■ INSTRUCTIONS TO FOLLOW
Below is a listing. Write out exactly its lines between the one holding "O documento descreve" and the one holding "Camarones (250gr) fritos, salteados", inclusive.

■ DATA FOR REVIEW
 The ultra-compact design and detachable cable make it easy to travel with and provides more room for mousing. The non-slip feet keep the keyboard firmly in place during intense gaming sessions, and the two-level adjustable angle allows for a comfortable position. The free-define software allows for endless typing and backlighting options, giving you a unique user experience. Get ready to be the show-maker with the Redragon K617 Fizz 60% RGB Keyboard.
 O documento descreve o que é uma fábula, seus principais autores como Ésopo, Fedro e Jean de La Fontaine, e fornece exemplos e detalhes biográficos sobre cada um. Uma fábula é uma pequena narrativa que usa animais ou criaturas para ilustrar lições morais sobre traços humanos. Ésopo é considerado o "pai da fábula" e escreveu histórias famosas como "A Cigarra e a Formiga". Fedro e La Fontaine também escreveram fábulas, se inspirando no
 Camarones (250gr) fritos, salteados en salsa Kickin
==
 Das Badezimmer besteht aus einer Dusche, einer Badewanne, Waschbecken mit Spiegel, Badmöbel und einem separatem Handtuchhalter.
...
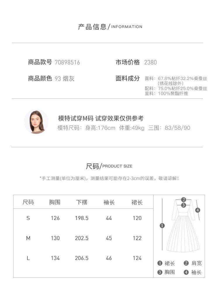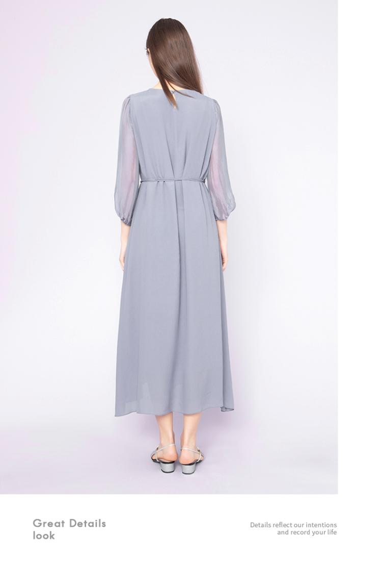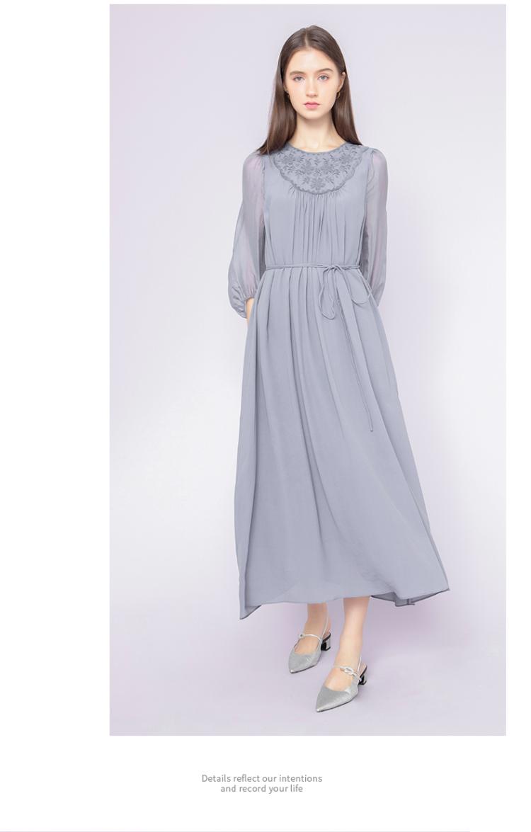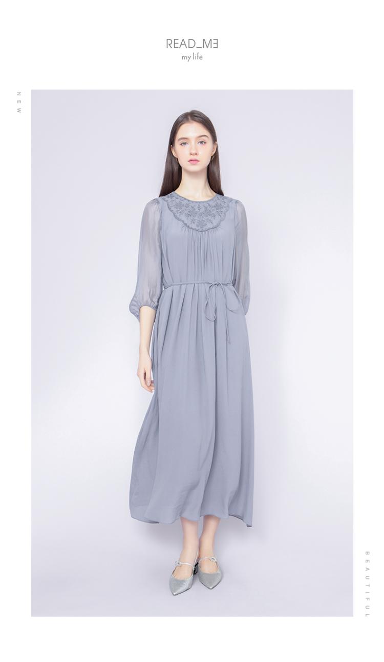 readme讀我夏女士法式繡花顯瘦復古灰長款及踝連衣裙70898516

■ TASK RESULT
 O documento descreve o que é uma fábula, seus principais autores como Ésopo, Fedro e Jean de La Fontaine, e fornece exemplos e detalhes biográficos sobre cada um. Uma fábula é uma pequena narrativa que usa animais ou criaturas para ilustrar lições morais sobre traços humanos. Ésopo é considerado o "pai da fábula" e escreveu histórias famosas como "A Cigarra e a Formiga". Fedro e La Fontaine também escreveram fábulas, se inspirando no
 Camarones (250gr) fritos, salteados en salsa Kickin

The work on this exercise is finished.